Discussing the PageTail() call in make_device_exclusive_range() with
Willy, I recently discovered [1] that device-exclusive handling does not
properly work with THP, making the hmm-tests selftests fail if THPs are
enabled on the system.
Looking into more details, I found that hugetlb is not properly fenced,
and I realized that something that was bugging me for longer -- how
device-exclusive entries interact with mapcounts -- completely breaks
migration/swapout/split/hwpoison handling of these folios while they have
device-exclusive PTEs.
The program below can be used to allocate 1 GiB worth of pages and making
them device-exclusive on a kernel with CONFIG_TEST_HMM.
Once they are device-exclusive, these folios cannot get swapped out
(proc$pid/smaps_rollup will always indicate 1 GiB RSS no matter how much
one forces memory reclaim), and when having a memory block onlined to
ZONE_MOVABLE, trying to offline it will loop forever and complain about
failed migration of a page that should be movable.
# echo offline > /sys/devices/system/memory/memory136/state
# echo online_movable > /sys/devices/system/memory/memory136/state
# ./hmm-swap &
... wait until everything is device-exclusive
# echo offline > /sys/devices/system/memory/memory136/state
[ 285.193431][T14882] page: refcount:2 mapcount:0 mapping:0000000000000000
index:0x7f20671f7 pfn:0x442b6a
[ 285.196618][T14882] memcg:ffff888179298000
[ 285.198085][T14882] anon flags: 0x5fff0000002091c(referenced|uptodate|
dirty|active|owner_2|swapbacked|node=1|zone=3|lastcpupid=0x7ff)
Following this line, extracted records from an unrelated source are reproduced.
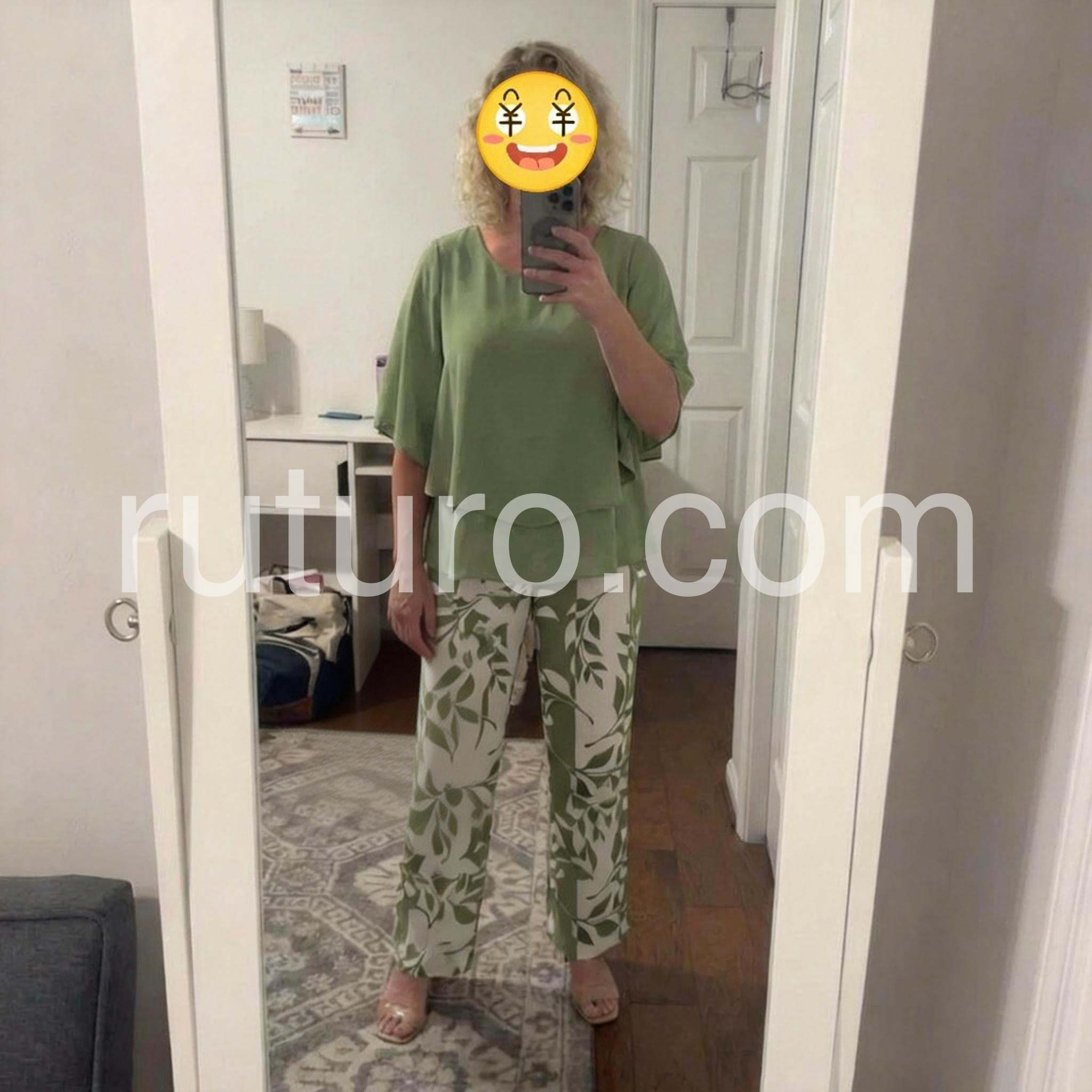 Yes!It runs true to the garment size chart please choose your size based on your measurements.Enhance your style with the Trendy Green Print 3/4 Sleeve Two Piece Set. This fashionable set features a trendy green print and 3/4 sleeves, providing a versatile and chic addition to your wardrobe. Made with high-quality materials, it offers comfort and durability while making a statement. Upgrade your fashion game with this must-have set!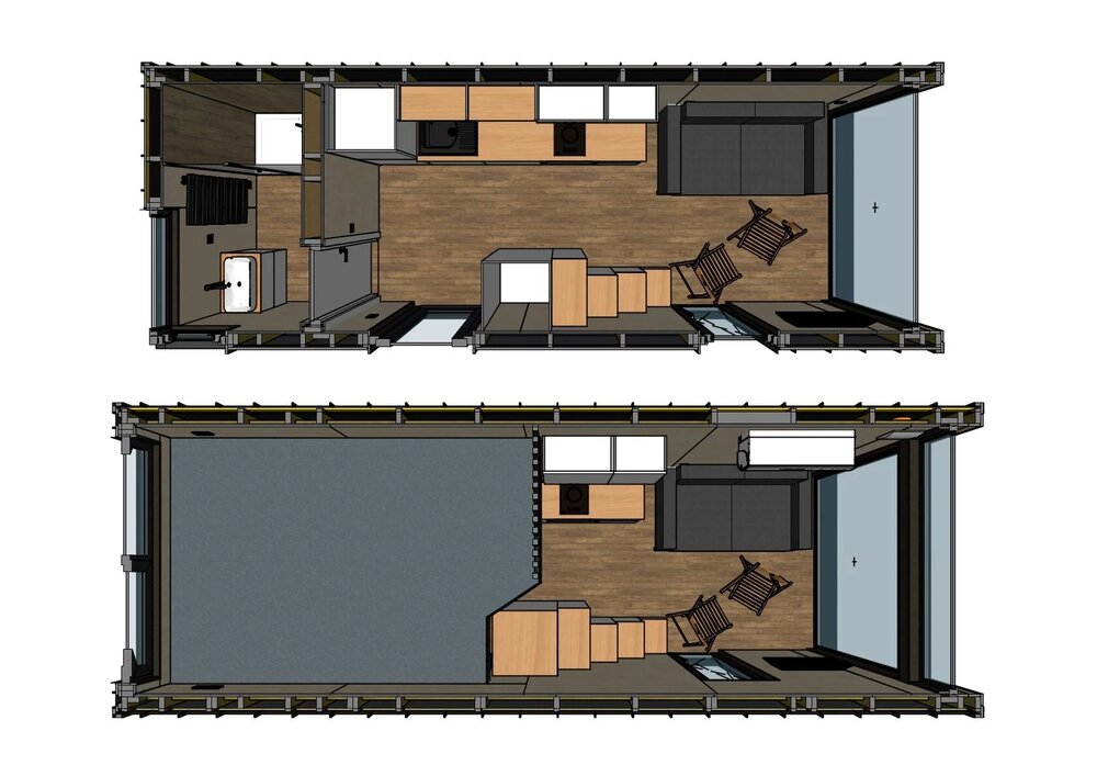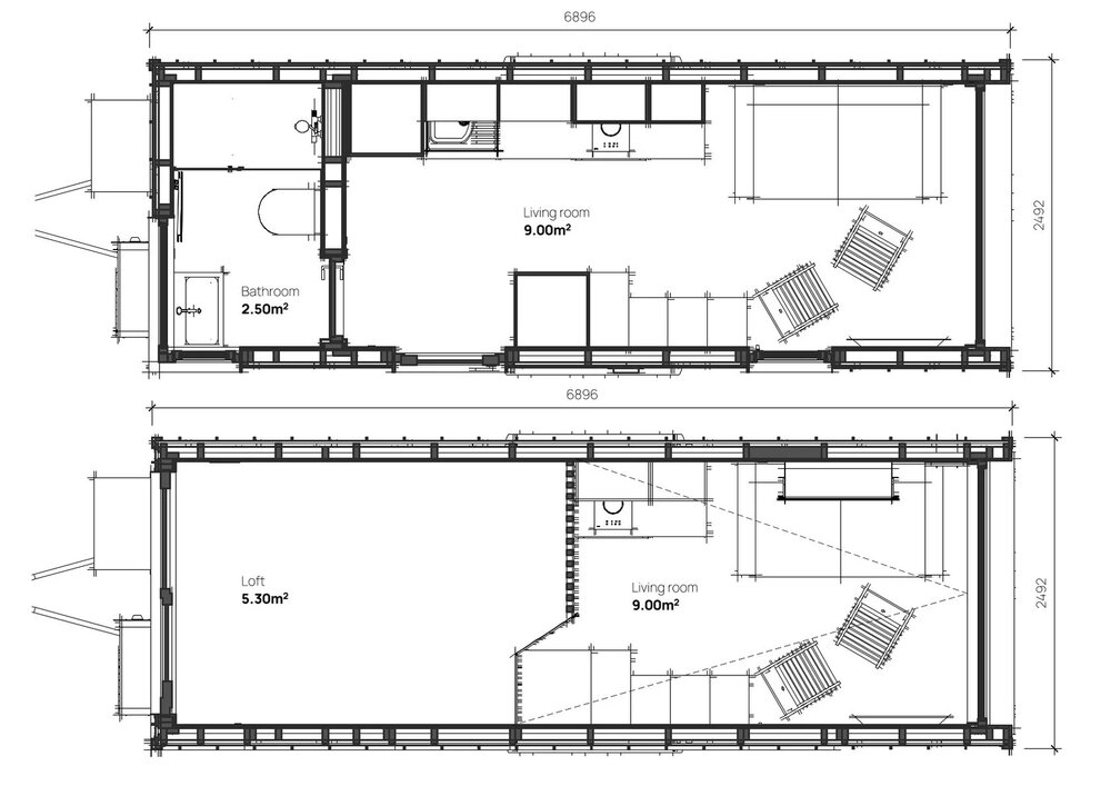 This prefab house provides 17 m² + 5.3 m² loft of living space which can accommodate 4 people.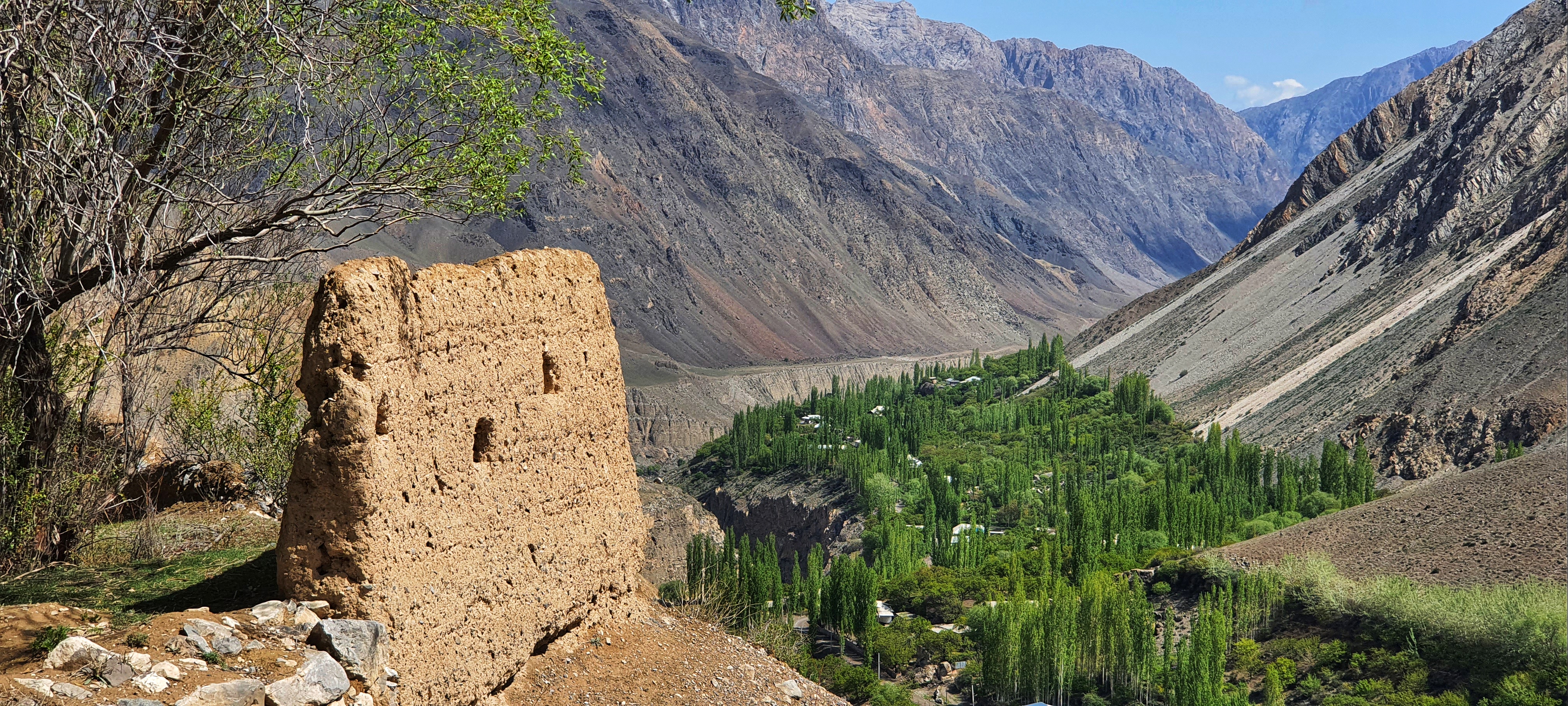 3. Кан: Цитадель, ставшая садом. Перед въездом в глубокое ущелье я остановился у крепости Кан (или Кудаяр-хана). Это бывший форпост Кокандского ханства, который веками контролировал вход в долину. Место поражает своим контрастом: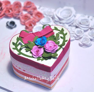 Heart box all made with paper, except for the ribbon LOL. I created the MTC file, made the heart from white card stock and adhered patterned paper, also made the roses and chalked them, added some micro beads.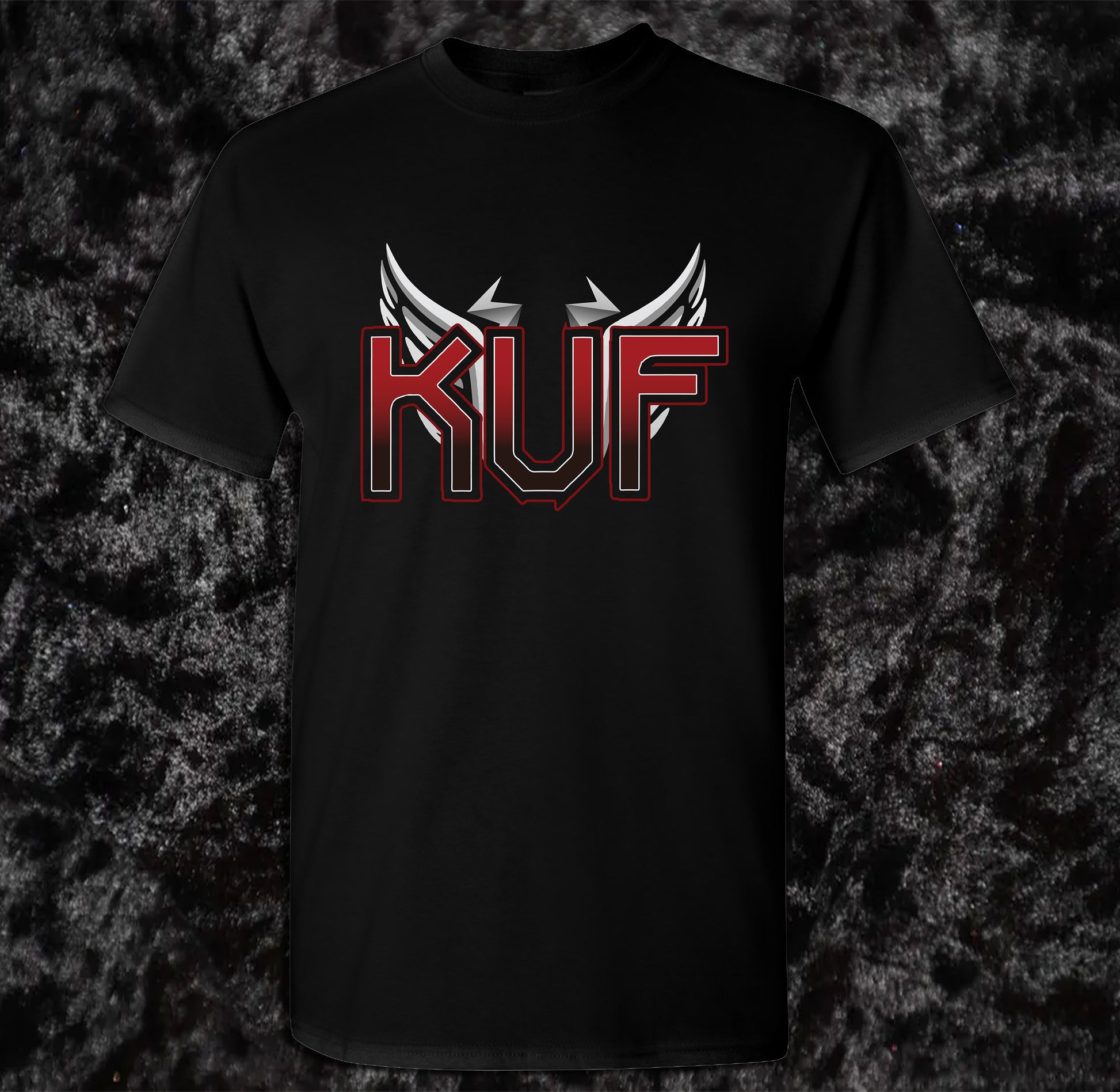 Fly high with our exclusive Kuf shirt featuring our iconic logo adorned with sleek wings on each side. Crafted with premium quality materials, this shirt embodies our band's spirit of freedom, creativity, and soaring ambition. Stand out from the crowd and showcase your love for Kuf with this stylish and symbolic addition to your wardrobe. Perfect for concerts, casual wear, or as a statement piece, this shirt is a must-have for any true fan.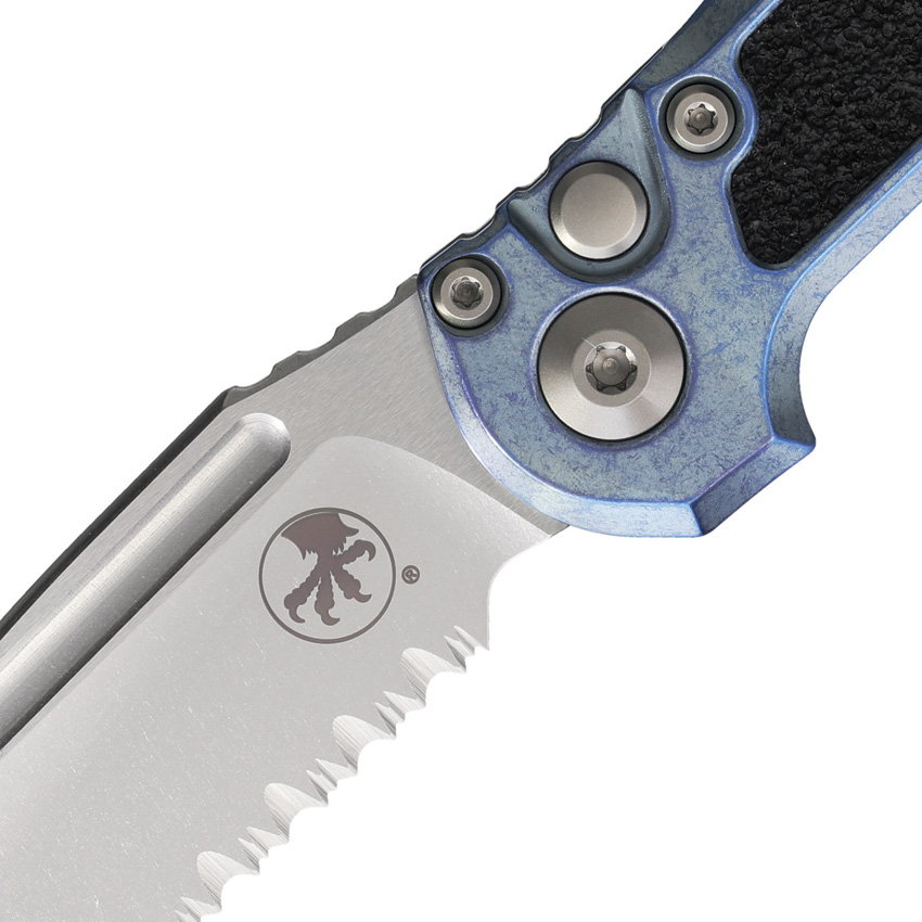 Automatic opening. 4.5″ (11.43cm) closed. 3.5″ (8.89cm) stonewash finish partially serrated Bohler M390MK stainless clip point blade. Ice blue anodized titanium handle with black traction insert. Lanyard hole. Pocket clip. Double Vapor Blast accents. Boxed.

[ 285.201734][T14882] raw: ...
[ 285.204464][T14882] raw: ...
[ 285.207196][T14882] page dumped because: migration failure
[ 285.209072][T14882] page_owner tracks the page as allocated
[ 285.210915][T14882] page last allocated via order 0, migratetype
Movable, gfp_mask 0x140dca(GFP_HIGHUSER_MOVABLE|__GFP_COMP|__GFP_ZERO),
id 14926, tgid 14926 (hmm-swap), ts 254506295376, free_ts 227402023774
[ 285.216765][T14882] post_alloc_hook+0x197/0x1b0
[ 285.218874][T14882] get_page_from_freelist+0x76e/0x3280
[ 285.220864][T14882] __alloc_frozen_pages_noprof+0x38e/0x2740
[ 285.223302][T14882] alloc_pages_mpol+0x1fc/0x540
[ 285.225130][T14882] folio_alloc_mpol_noprof+0x36/0x340
[ 285.227222][T14882] vma_alloc_folio_noprof+0xee/0x1a0
[ 285.229074][T14882] __handle_mm_fault+0x2b38/0x56a0
[ 285.230822][T14882] handle_mm_fault+0x368/0x9f0
...
This series fixes all issues I found so far. There is no easy way to fix
without a bigger rework/cleanup. I have a bunch of cleanups on top (some
previous sent, some the result of the discussion in v1) that I will send
out separately once this landed and I get to it.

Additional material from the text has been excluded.